International Human Dimensions Programme
- Abbreviation: IHDP
- Formation: 1990
- Dissolved: 2014
- Type: INGO
- Legal status: Dissolved
- Region served: Worldwide
- Official language: English
- Parent organization: International Social Science Council (ISSC)
- Website: IHDP Official website

= International Human Dimensions Programme =

Research programme studying global change

The International Human Dimensions Programme on Global Environmental Change (IHDP) was a research programme that studied the human and societal aspects of the phenomenon of global change.

IHDP aimed to frame, develop and integrate social science research on global change, and promote the application of its key findings. It strived to develop research approaches that put societies at the center of the debate, looking at then-current global environmental problems as social and societal challenges.

IHDP's work brought together groups of multi-disciplinary and multi-national researchers to work on long-term collaborative science. Its former role within the scientific field provided leadership in the selection and development of themes for focused research and in stimulating scientific communities to coordinate their efforts on these themes within the framework of its projects.

IHDP research was conducted through ten projects. Its six core projects, focused on how humans affect and are affected by climate change, with specific topics including human security, urbanization, industrial transformation and environmental governance as they relate to global change. Two of its six core projects were also core projects of the International Geosphere-Biosphere Programme (IGBP) and focused specifically on coupled human-environment systems such as land use, and coastal zones. It also had four joint projects on the Earth's carbon cycle, water systems, human health and food systems with the other three global change research programmes (ESSP).

==History==
IHDP was initiated as the Human Dimensions Programme (HDP) in 1990 by the International Social Science Council (ISSC). It was established under its closing name International Human Dimensions Programme on Global Environmental Change by ISSC and International Council for Science (ICSU) in 1996. In 2006, the United Nations University joined ISSC and ICSU as an institutional sponsor of IHDP. The organization closed its doors in July 2014.

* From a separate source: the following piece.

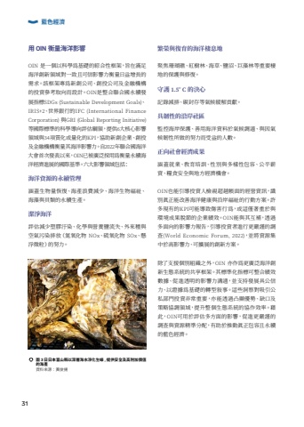 %u7528 OIN %u8861%u91cf%u6d77%u6d0b%u5f71%u97ffOIN %u662f%u4e00%u500b%u4ee5%u79d1%u5b78%u70ba%u57fa%u790e%u7684%u7d9c%u5408%u6027%u6846%u67b6%uff0c%u65e8%u5728%u6eff%u8db3%u6d77%u6d0b%u5275%u65b0%u9818%u57df%u5c0d%u4e00%u81f4%u4e14%u53ef%u4fe1%u5f71%u97ff%u529b%u8861%u91cf%u65e5%u76ca%u589e%u9577%u7684%u9700%u6c42%u3002%u8a72%u6846%u67b6%u5c08%u70ba%u65b0%u5275%u516c%u53f8%u3001%u5275%u6295%u516c%u53f8%u53ca%u91d1%u878d%u6a5f%u69cb%u7684%u6295%u8cc7%u53c3%u8003%u53d6%u5411%u800c%u8a2d%u8a08%u3002OIN%u662f%u6574%u5408%u806f%u5408%u570b%u6c38%u7e8c%u767c%u5c55%u6307%u6a19SDGs (Sustainable Development Goals)%u3001IRIS+2%u3001%u4e16%u754c%u9280%u884c%u7684IFC (International Finance Corporation) %u8207GRI (Global Reporting Initiative) %u7b49%u570b%u969b%u6a19%u6e96%u7684%u79d1%u5b78%u5c0e%u5411%u8a55%u4f30%u7db1%u9818%uff0c%u63d0%u4f9b6%u5927%u6838%u5fc3%u5f71%u97ff%u9818%u57df%u820734%u9805%u8cea%u5316%u6216%u91cf%u5316%u7684KPI%uff0c%u5354%u52a9%u65b0%u5275%u4f01%u696d%u3001%u5275%u6295%u53ca%u91d1%u878d%u6a5f%u69cb%u8861%u91cf%u5176%u6d77%u6d0b%u5f71%u97ff%u529b%u3002%u81ea2022%u5e74%u806f%u5408%u570b%u6d77%u6d0b%u5927%u6703%u9996%u6b21%u767c%u8868%u4ee5%u4f86%uff0cOIN%u5df2%u88ab%u5ee3%u6cdb%u63a1%u7528%u70ba%u8861%u91cf%u6c38%u7e8c%u6d77%u6d0b%u7d93%u6fdf%u9032%u5c55%u7684%u570b%u969b%u57fa%u6e96%u3002%u516d%u5927%u5f71%u97ff%u9818%u57df%u5305%u62ec%uff1a%u6d77%u6d0b%u8cc7%u6e90%u7684%u6c38%u7e8c%u7ba1%u7406%u6db5%u84cb%u751f%u7269%u91cf%u6062%u5fa9%u3001%u6d77%u7522%u6d6a%u8cbb%u6e1b%u5c11%u3001%u6d77%u6d0b%u751f%u7269%u798f%u7949%u3001%u6d77%u85fb%u8207%u8c9d%u985e%u7684%u6c38%u7e8c%u751f%u7522%u3002%u6f54%u6de8%u6d77%u6d0b%u8a55%u4f30%u6e1b%u5c11%u5851%u81a0%u6c59%u67d3%u3001%u5316%u5b78%u8207%u71df%u990a%u9e7d%u6d41%u5931%u3001%u5916%u4f86%u7a2e%u8207%u7a7a%u6c23%u6c61%u67d3%u6392%u653e%uff08%u6c2e%u6c27%u5316%u7269 NOx%u3001%u786b%u6c27%u5316%u7269 SOx%u3001%u61f8%u6d6e%u5fae%u7c92%uff09%u7684%u52aa%u529b%u3002%u7e41%u69ae%u8207%u5fa9%u80b2%u7684%u6d77%u6d0b%u68f2%u606f%u5730%u805a%u7126%u73ca%u745a%u7901%u3001%u7d05%u6a39%u6797%u3001%u6d77%u8349%u3001%u9e7d%u6cbc%u3001%u5de8%u85fb%u6797%u7b49%u91cd%u8981%u68f2%u5730%u7684%u4fdd%u8b77%u8207%u4fee%u5fa9%u3002%u5b88%u8b77 1.5%u00b0 C %u7684%u6c7a%u5fc3%u8a18%u9304%u6e1b%u6392%u3001%u78b3%u5c01%u5b58%u7b49%u6c23%u5019%u7de9%u89e3%u8ca2%u737b%u3002%u5177%u97cc%u6027%u7684%u6cbf%u5cb8%u793e%u5340%u76e3%u63a7%u6d77%u5cb8%u4fdd%u8b77%u3001%u5584%u7528%u6d77%u6d0b%u8cc7%u6599%u65bc%u6c23%u5019%u8abf%u9069%u3001%u8207%u56e0%u6c23%u5019%u97cc%u6027%u6240%u505a%u7684%u52aa%u529b%u800c%u53d7%u76ca%u7684%u4eba%u6578%u3002%u6b63%u5411%u793e%u6703%u7d93%u6fdf%u6210%u679c%u6db5%u84cb%u5c31%u696d%u3001%u6559%u80b2%u57f9%u8a13%u3001%u6027%u5225%u8207%u591a%u6a23%u6027%u5305%u5bb9%u3001%u516c%u5e73%u85aa%u8cc7%u3001%u7ce7%u98df%u5b89%u5168%u8207%u5730%u65b9%u7d93%u6fdf%u6a5f%u6703%u3002OIN%u4e5f%u80fd%u5f15%u5c0e%u6295%u8cc7%u4eba%u6aa2%u8996%u8d85%u8d8a%u5e33%u9762%u7684%u7d93%u71df%u8cc7%u8a0a%uff0c%u8b58%u5225%u771e%u6b63%u80fd%u6539%u5584%u6d77%u6d0b%u5065%u5eb7%u8207%u6cbf%u5cb8%u798f%u7949%u7684%u884c%u52d5%u65b9%u6848%u3002%u8a31%u591a%u73fe%u6709%u7684KPI%u53ef%u80fd%u5c0e%u81f4%u50b7%u5bb3%u884c%u70ba%uff0c%u6216%u9019%u50c5%u8457%u91cd%u65bc%u8207%u74b0%u5883%u6210%u679c%u812b%u7bc0%u7684%u4f01%u696d%u7e3e%u6548%u3002OIN%u80fd%u8207%u5176%u4e92%u88dc%uff0c%u900f%u904e%u591a%u9762%u5411%u7684%u5f71%u97ff%u529b%u5831%u543f%uff0c%u5f15%u5c0e%u6295%u8cc7%u8005%u9032%u884c%u66f4%u56b4%u8b39%u7684%u8abf%u67e5(World Economic Forum, 2022)%uff0c%u4e26%u5c07%u8cc7%u6e90%u96c6%u4e2d%u65bc%u9ad8%u5f71%u97ff%u529b%u3001%u53ef%u64f4%u5c55%u7684%u5275%u65b0%u65b9%u6848%u3002%u9664%u4e86%u652f%u63f4%u500b%u5225%u7d44%u7e54%u4e4b%u5916%uff0cOIN %u4ea6%u4f5c%u70ba%u66f4%u5ee3%u6cdb%u6d77%u6d0b%u5275%u65b0%u751f%u614b%u7cfb%u7d71%u7684%u5171%u4eab%u6846%u67b6%u3002%u5176%u6a19%u6e96%u5316%u6307%u6a19%u53ef%u6574%u5408%u7e3e%u6548%u6578%u64da%u3001%u4fc3%u9032%u900f%u660e%u7684%u5f71%u97ff%u529b%u6e9d%u901a%uff0c%u4e26%u652f%u6301%u767c%u5c55%u5177%u516c%u4fe1%u529b%u3001%u4ee5%u8b49%u64da%u70ba%u57fa%u790e%u7684%u8f49%u578b%u654d%u4e8b%u3002%u9019%u4e9b%u6d1e%u5bdf%u5c0d%u5438%u5f15%u516c%u79c1%u90e8%u9580%u6295%u8cc7%u975e%u5e38%u91cd%u8981%uff0c%u4ea6%u80fd%u900f%u904e%u51f8%u986f%u512a%u52e2%u3001%u7f3a%u53e3%u53ca%u7b56%u7565%u5354%u8abf%u9818%u57df%uff0c%u63d0%u5347%u6574%u500b%u751f%u614b%u7cfb%u7d71%u7684%u5354%u4f5c%u6548%u7387%u3002%u85c9%u6b64%uff0cOIN%u53ef%u7528%u65bc%u8a55%u4f30%u591a%u65b9%u9762%u7684%u5f71%u97ff%uff0c%u4fc3%u9032%u66f4%u56b4%u8b39%u7684%u8abf%u67e5%u8207%u8cc7%u6e90%u7cbe%u6e96%u5206%u914d%uff0c%u6709%u52a9%u65bc%u63a8%u52d5%u771e%u6b63%u5305%u5bb9%u4e14%u6c38%u7e8c%u7684%u85cd%u8272%u7d93%u6fdf%u3002%u85cd%u8272%u7d93%u6fdf%u5716 3 %u65e5%u65e5%u672c%u5bcc%u5c71%u7e23%u4ee5%u6df1%u5c64%u6d77%u6c34%u6de8%u5316%u751f%u8814 , %u63d0%u4f9b%u5b89%u5168%u53ca%u9ad8%u9644%u52a0%u50f9%u503c%u7684%u6d77%u7522%u8cc7%u6599%u4f86%u6e90%uff1a%u9ec3%u4fca%u63da31

A large part of the research agenda of the former International Human Dimensions Programme has been carried forward by the Earth System Governance Project.

==Secretariat==
The IHDP Secretariat was located at the United Nations Campus in Bonn, Germany, and was hosted by the United Nations University.

==Earth System Science Partnership (ESSP)==
IHDP was a partner of the Earth System Science Partnership along with the International Geosphere-Biosphere Programme, the World Climate Research Programme, and DIVERSITAS an international programme for biodiversity research.

==Projects==
- Global Environmental Change and Human Security (GECHS)
- Urbanization and Global Environmental Change Project (UGEC)
- Industrial Transformation (IHDP-IT)
- Integrated Risk Governance Project (IRG-P)
- Earth System Governance Project (ESG)
- Land-Ocean Interactions in the Coastal Zone (LOICZ)
- Global Land Project (GLP)
- Global Carbon Project (GCP)
- Global Water Systems Projects (GWSP)
- Global Environmental Change and Human Health (GECHH)
- Global Environmental Change and Food Systems (GECAFS)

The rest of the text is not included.